全量自家消費が主流のオンサイトPPAで余剰電力を活用する新たなモデルが誕生した。新電力会社のエフビットコミュニケーションズが電力小売り事業に活かす仕組みを構築した。(本誌・中馬成美)

グリーンボンドによる資金調達で建設した岐阜羽島PDセンター

新電力会社のエフビットコミュニケーションズ(京都市、吉本幸男社長※吉の字はつちよし)は2021年8月10日、物流大手のセンコーが所有する大型物流施設にPPA(電力売買契約)モデルを活用して太陽光発電設備を設置し、余剰電力を引き取る新たなサービスを開始すると発表した。21年中の開始を目指す。

同社は太陽光発電の設備導入費用を負担する代わりに、20年の契約期間中、発電した電力の自家消費分を従量課金制でサービス料として徴収し、余剰電力を無償で引き取る。
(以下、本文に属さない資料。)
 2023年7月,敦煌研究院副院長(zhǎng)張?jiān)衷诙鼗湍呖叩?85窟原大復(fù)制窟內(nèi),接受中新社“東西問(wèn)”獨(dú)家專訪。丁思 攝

余剰電力は、環境価値付きの電力として自社の小売り事業で活用するほか、今後、自己託送制度を利用して他拠点へ電力供給する予定だ。

屋根面積9335㎡のうち5375㎡に出力1051kWの太陽光発電設備を設置した。当初は全量自家消費用の太陽光発電設備の設置を検討していたが、冷凍・冷蔵設備がなく、電力消費が小さいうえ、屋根が広いことから、余剰電力活用モデルの導入に至った。余剰電力を発生させないよう電力消費に対して少ない容量で設備を設置する全量自家消費型に比べて使用電力に対する太陽光発電比率は向上するようだ。エフビットコミュニケーションズ営業統括本部の山田明典次長は「電力消費量に対して過剰に設備を設置しているので、電気使用量のうち40%程度を太陽光で賄える」と説明する。
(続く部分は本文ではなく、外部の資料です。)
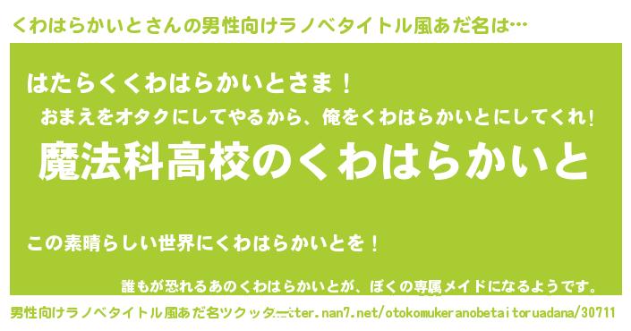 | 女子向けラノベタイトル風あだ名 | 『くわはらかいとなんてお断りですっ。』 |

同モデルの実証試験は、同社と日本ユニシス、センコーの3社で行う。余剰電力が発生する場合、逆潮流分の発電量を発電計画販売に含める必要があり、PPA事業者にとってはインバランスリスクが高まる。そこで同社は、太陽光発電の電力量と余剰電力量の予測、PPAモデルの料金計算用の発電量計測値の提供などを日本ユニシスに委託。山田次長は、「将来的に自己託送制度を活用するうえでも、余剰電力の予測は重要だ」と強調する。

同社は、太陽光発電のEPC(設計・調達・建設)事業を展開しており、メガソーラーを中心にこれまで100MW規模の施工実績がある。21年よりPPAモデルを展開し、この他に全量消費型のPPA案件を2件導入する予定だ。今後は屋根面積が広く、電力消費の少ない物流施設や工場に絞って同モデルを展開していく構えだ。山田次長は「メインは新電力事業。PPAは付帯サービスとして展開しつつ、環境価値付きの電力を確保して最大限活用する」と意気込む。

自社のみならずサプライチェーン全体で脱炭素を目指す取り組みが広がるなか、電力消費者がグループ全体で環境価値を融通できる余剰電力活用型オンサイトPPAの仕組みは新電力会社にとって新たな事業モデルとなるかもしれない。